The same resource **may** have both control plane operations and data plane
operations associated with it. For example, a database API would have
operations to create or delete database tables (control plane) as well as
operations to write and read rows to that table (data plane).
### Resources
Resources that are declarative-friendly **must** use only strongly-consistent
standard methods for managing resource lifecycle, which allows tools to support
these resources generically, as well as conforming to other
declarative-friendly guidance (see [further reading](#further-reading)).

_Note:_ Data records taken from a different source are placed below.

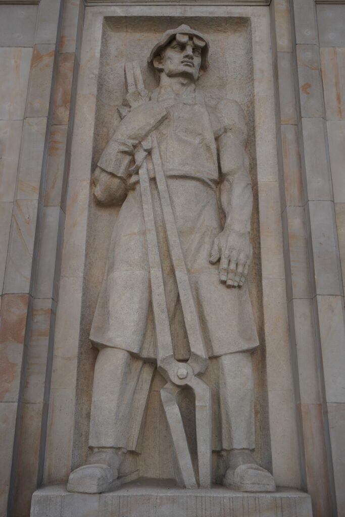 Også på denne centrale historiske plads i Warszawa, hvor demokratiet blev født, ønskede Stalin at sit store fingeraftryk på. For her skulle socialistisk realisme danne befolkningen om en ny fremtid.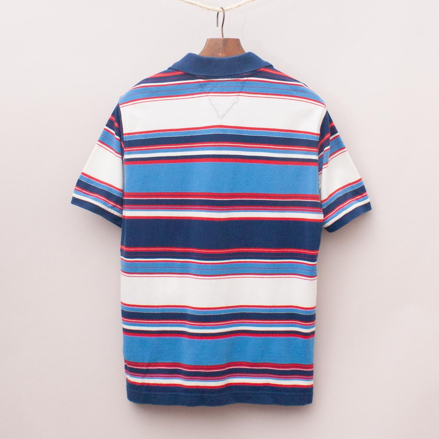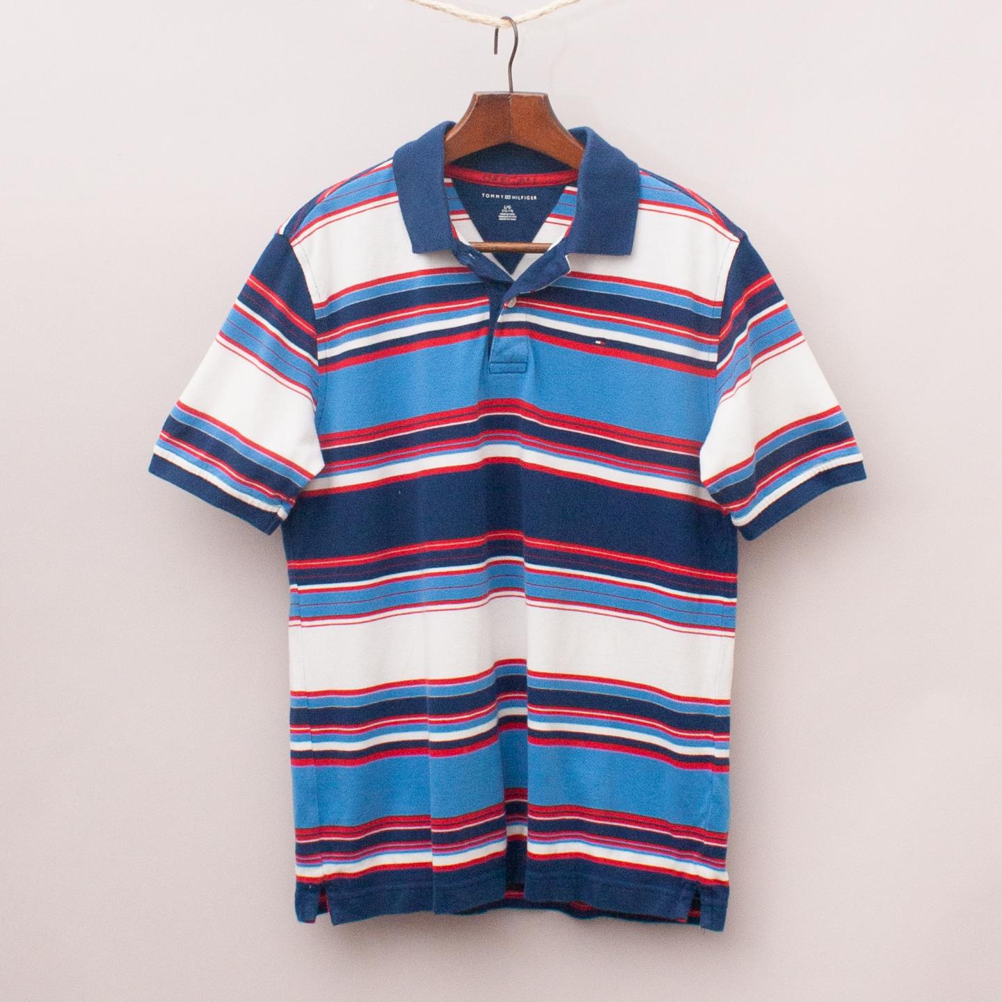Tommy Hilfiger blue, white and red short sleeve polo shirt with small embroidered logo and button down collar *100% Cotton
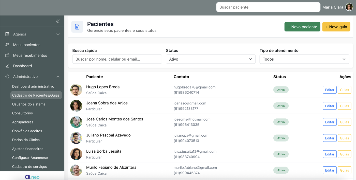 Automatize processos, otimize repasses e centralize tudo em um único lugar. O Clineo foi feito para a sua clínica — do agendamento ao faturamento.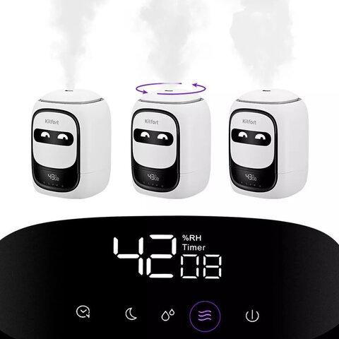 Можно выбирать один из 3 уровней интенсивности тумана. Увлажнитель генерирует не горячий пар, а холодный туман. Частицы тумана мелкие, они обладают большой суммарной поверхностью, а потому быстро испаряются, что приводит к повышению влажности воздуха. Сопло для выхода тумана можно поворачивать на 360°.
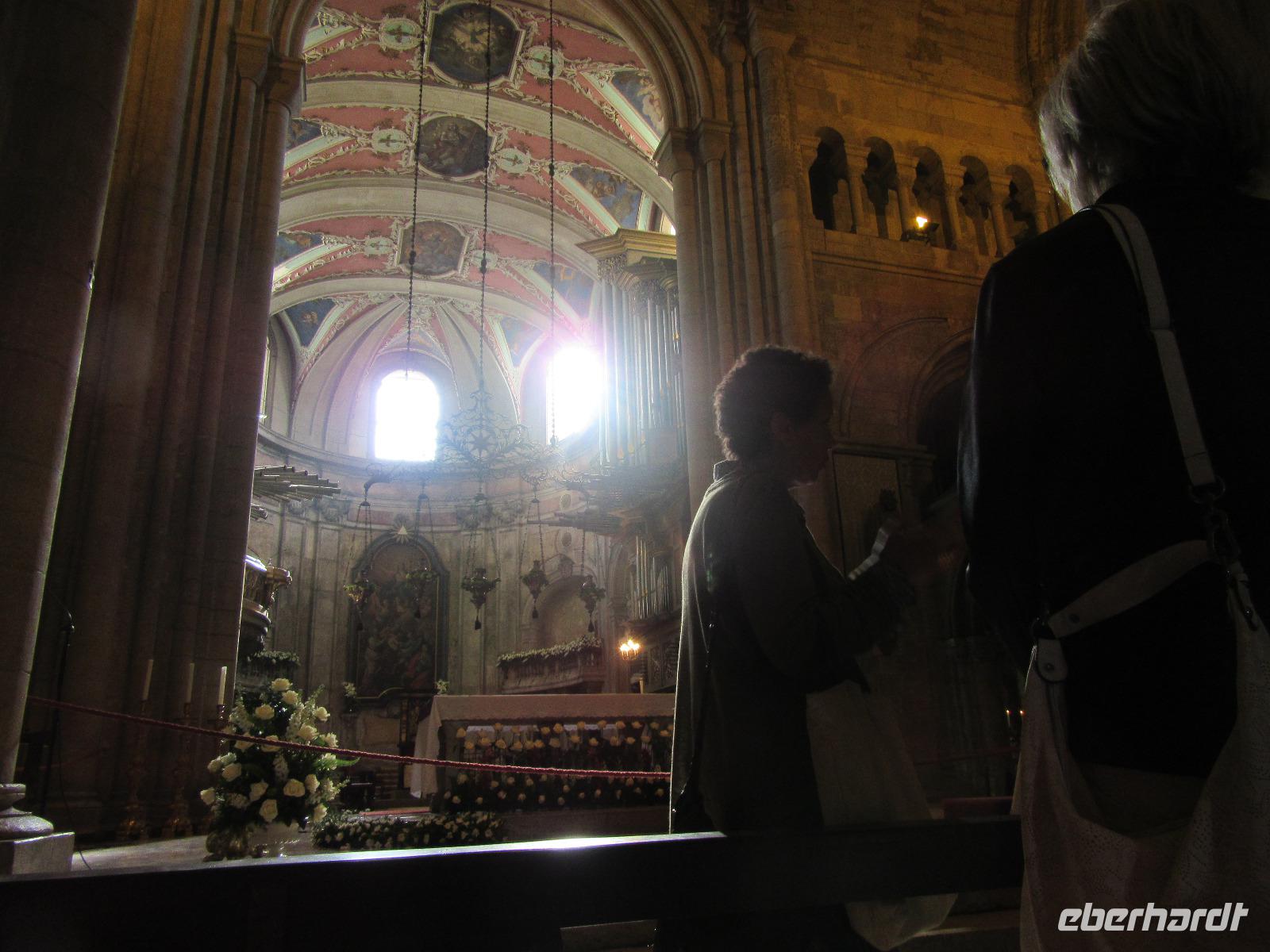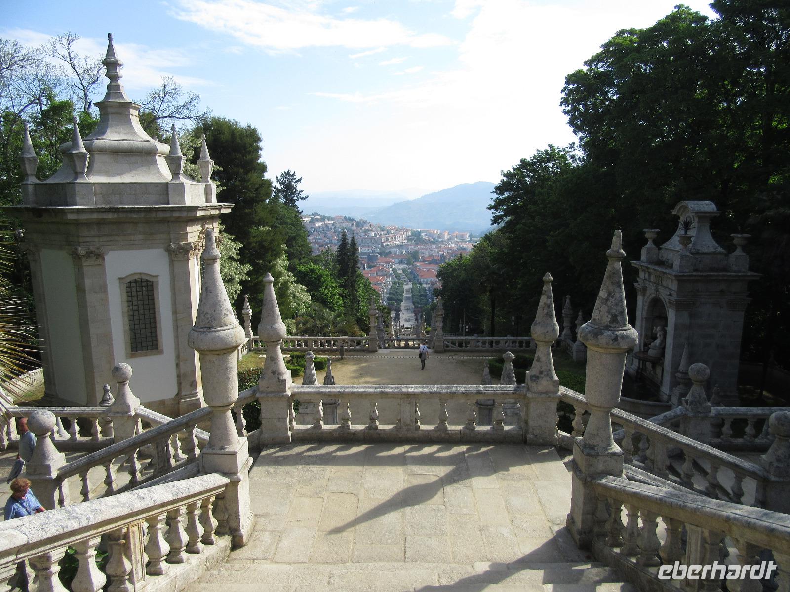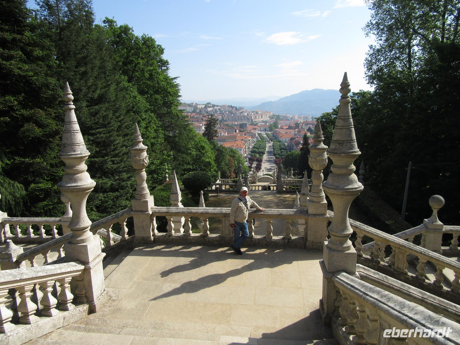 Zu unserem letzten Ausflug fuhren wir wieder mit unserem deutsch-englischen Bus und Paolo in den Ort Lamego. Unser erster Halt war an der Wallfahrtskirche, die Nossa Senhora dos Remedios gewidmet wurde und von der man einen guten Blick über die Stadt erhalten konnte. Noch imposanter aber war die barocke Treppenanlage, die hinab in die Stadt führte. Über 680 Stufen mit schön verziert mit Statuen und Brunnenmusste man hinab steigen, um zum zentralen Platz Lamegos zu kommen. Wir stiegen ungefähr drei/viertel der Stufen hinab zum Bus. Im Stadtzentrum angekommen, erzählte Paolo über die Enstehung und die zahlreichen Kirchen. In der Kathedrale Sé lief bereits der singende Gottesdienst, daher besichtigten wir sie von ausßen. Paolo gab uns genügend Zeit, den Ort auf eigene Faust zu erkunden, einen kleinen Kaffee zu trinken oder den für die Gegend typischen Schinken zu probieren. Anschließend versuchten wir ein zweites Mal in das Innere der Kathedrale zu gelangen, leider war der singende Gottesdienst noch nicht beendet. So erkundeten wir den anschließenden Kreuzgang und hingen zum Bus zurück. In Regua angekommen, verabschiedeten wir uns von Paolo und unser letzter Teil der Flusskreuzafhrt auf dem Douro konnte fortgesetzt werden.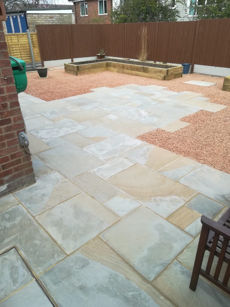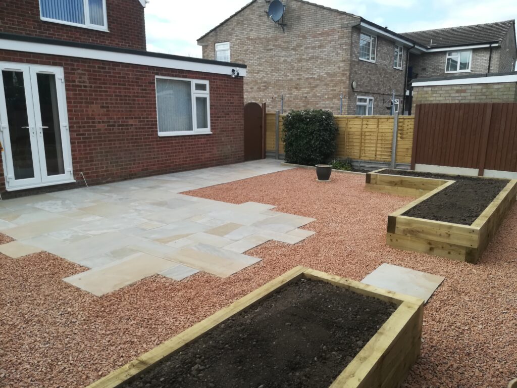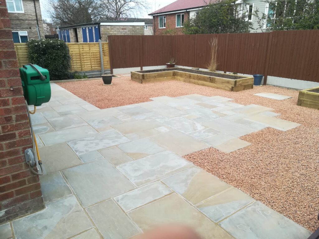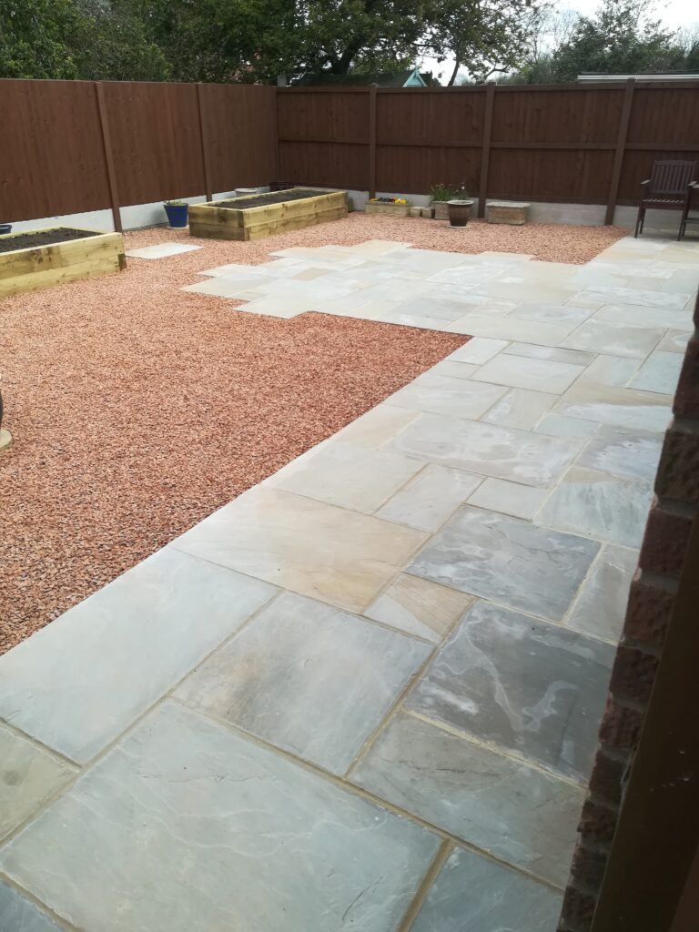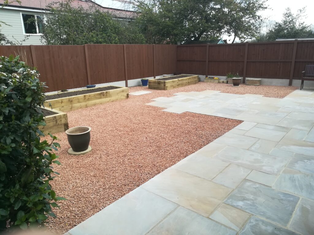 It included supplying and laying Indian sandstone paving, scree area, new timber fencing and raised boarders constructed of timber sleepers filled with top soil. He cleared away all of the old materials, including some garden pots and furniture, and he protected the access drive from the front of the house.

Declarative-friendly resources **should** designate that they follow the
declarative-friendly style:
{% tab proto %}
{% sample 'declarative_friendly.proto', 'message Book' %}
{% tab oas %}
{% sample 'declarative_friendly.oas.yaml', 'schema' %}
{% endtabs %}
### Annotations
Declarative-friendly resources **must** include a `annotations` field to allow
clients to store small amounts of arbitrary data:
```typescript
// A representation of a single book.
interface Book {
// The name of the book.
// Format: publishers/{publisher}/books/{book}
name: string;
// Other fields...
// A dictionary of key-value pairs.
// This has no effect on the service's behavior, but clients may use it
// to persistently store small amounts of information related to this
// resource.
annotations: { [key: string]: string };
}
```
The `annotations` field **must** use the [Kubernetes limits][] to maintain wire
compatibility, and **should** require dot-namespaced annotation keys to prevent
tools from trampling over one another.
**Note:** Annotations are distinct from various forms of labels. Labels can be
used by server-side policies, such as IAM conditions. Annotations exist to
allow client tools to store their own state information without requiring a
database.
<!-- prettier-ignore -->
[kubernetes limits]: https://kubernetes.io/docs/concepts/overview/working-with-objects/annotations/#syntax-and-character-set
### Reconciliation
If a resource takes time (more than a few seconds) for updates to be realized,
the resource **should** include a `bool reconciling` field to disclose that
changes are in flight. This field **must** be output only.
A resource **must** set the `reconciling` field to `true` if the current state
of the resource does not match the user's intended state, and the system is
working to reconcile them. This is regardless of whether the root cause of
going into reconciliation was user or system action.
**Note:** Services responding to a `GET` request **must** return the resource's
current state (not the intended state).
## Further reading
A significant amount of guidance is more strict for declarative-friendly
interfaces, due to the focus on automation on top of these resources. This list
is a comprehensive reference to declarative-friendly guidance in other AIPs:
- Resources **must** use user-settable resource IDs: see AIP-133.
- Resources **must** permit "create or update": see AIP-134.
- Resources **should** permit "delete if existing": see AIP-135.
- Resources **should not** employ custom methods: see AIP-136.
- Resources **must** use the `Update` method for repeated fields: see AIP-144.
- Resources **must** include certain standard fields: see AIP-148.
- Resources **must** have an `etag` field: see AIP-154.
- Resources **must** provide change validation: see AIP-163.
- Resources **should** support soft delete: see AIP-164.